Time wastes too fast: every letter I trace tells me with what rapidity Life follows my pen; the days and hours of it, more precious, my dear Jenny! than the rubies about thy neck, are flying over our heads like light clouds of a windy day; never to return more – every thing presses on – whilst thou art twisting that lock, – see! it grows grey; and every time I kiss thy hand to bid adieu, and every absence which follows it, are preludes to the eternal separation which we are shortly to make. -- Heaven have mercy upon us both!

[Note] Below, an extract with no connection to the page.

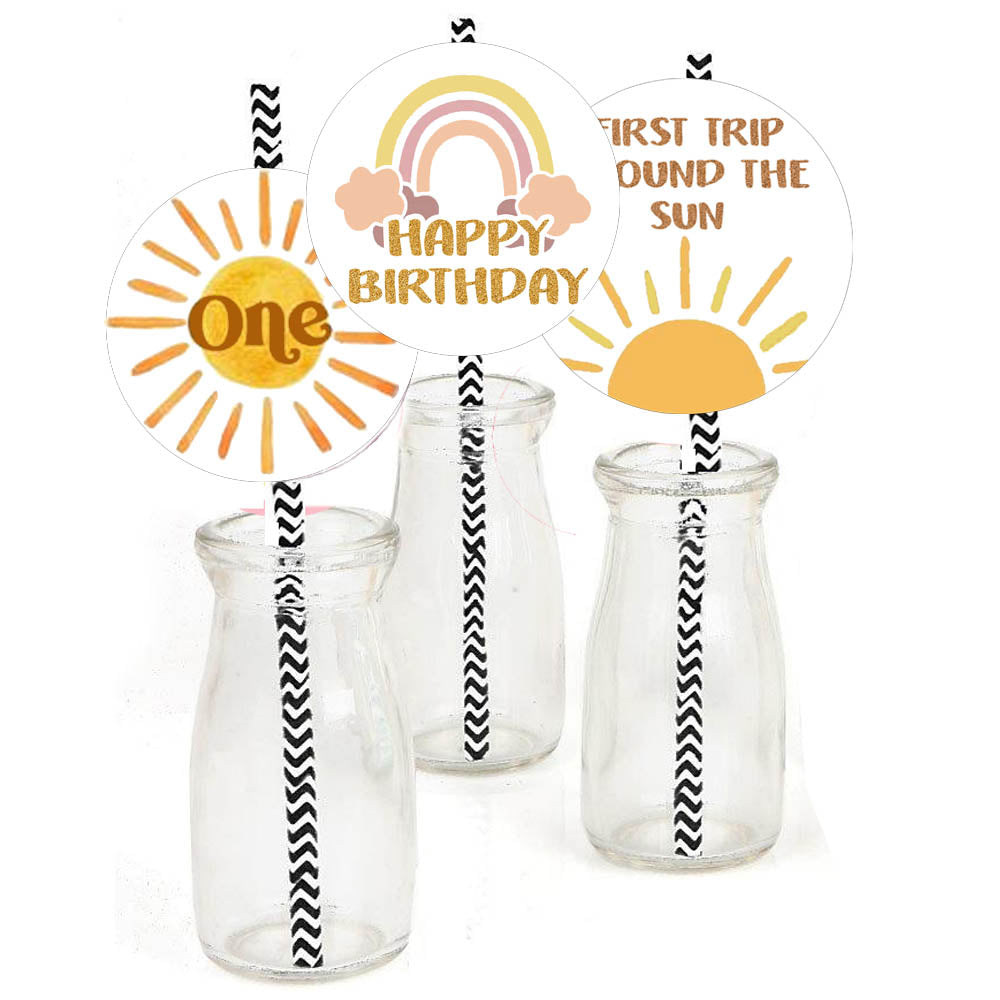 - The package includes - 24 First Trip Around the Sun theme paper cut-outs, 24 coordinating paper straws & a glue dot.

I actually quoted these mock-panicky words in my final examinations. I remember still my delight in following the track of the dashes and the semi-colons and exclamation marks which had spurted from Sterne’s own hectic nib more than two centuries before. And now, like the uncooperative flamingo in Alice’s croquet game, the words curl round to fix me in the eye, mocking me with the knowledge that this is now already a quarter-century ago for me – and counting. Even as they preserve something of Sterne (or rather, given the mobility of his mortal remains, everything there now is of Sterne), they are also a bookmark in my life, to remind me that the time is coming on apace when the most that will remain of me, and you, will be the fact of our too having lived and died in no time. Reproduced on the cover of Ian Campbell Ross’s searching, humane biography is Thomas Patch’s wonderful painting of a splay-footed, gormlessly-grinning Sterne bowing in respect before the bony figure of Death. I summon, from Sterne’s future, the words of a much later, and very different late developer, the poet W.B. Yeats, to serve as caption both for this picture and for Sterne’s own unique exercise in life-writing: Why should not old men (or even men of 46) be mad?